16. Rice (Cooked And Cooled)
Leftover rice? Mix into your shake. Rice is a classic clean carb, ideal for adding size when you've got room to gain. Add cooled, cooked rice for a quick energy boost and a texture upgrade. It's mild in flavor but high in calories and easy on the stomach, so it's great for post-workout shakes that support growth.
17. Tofu (Silken Or Soft)
Silken tofu is like the stealth ninja of protein shake ingredients. It vanishes into the blend, leaving behind a thick texture and a dose of plant-based protein. It’s also rich in iron and calcium—great for dairy-free gainers looking for extra oomph.
18. Dates
Dates bring natural sugar, fiber, vitamins, minerals, and fast-burning carbs to your shake, ideal for pre-or post-workout fueling.

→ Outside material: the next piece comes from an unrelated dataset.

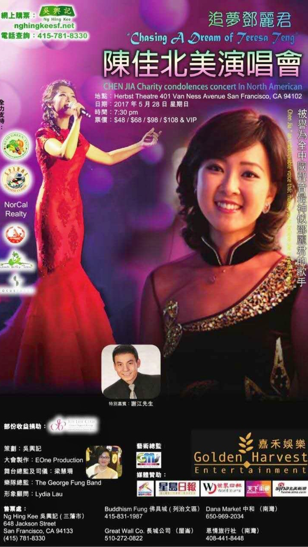 「陈佳北美演唱会」下星期五5/28晚上7:30pm,我和闺蜜们已经买好票,等待这个 “追梦邓丽君” 的实力歌手。陈佳与邓丽君,不但样子似、神似,而且是科班出身的实力歌手,样子甜美不需造作。这个比较令我折服。闺蜜们来享受一下吧。跟 “领导” 说,这还是母亲节的月份,让他大开绿灯。(或者带上领导一起来吧)。售票地点:味国点心,2034 Irving Street, 1-415-812-8188。演出地点:Herbst Theater,401 Van Ness Ave., SF

With around 130 calories in just two Medjool dates, they offer energy and sweetness that blend beautifully with nut butter.
19. Dried Figs
Dried figs add fiber, iron, protein, and subtle sweetness to your blend. Soak them briefly before blending to soften them, then drop them in for a mineral-rich, bone-supportive boost. They’re a great way to bulk up your carb intake while adding a jammy flavor to your shake.
20. Acai Berry Powder Or Pulp
Acai delivers antioxidants and a deep berry flavor without excess sugar. It supports recovery and blood flow, lowers blood sugar, and enhances cell health, which is key when training hard. Go for unsweetened pulp or powder to keep your shake lean while packing a performance punch.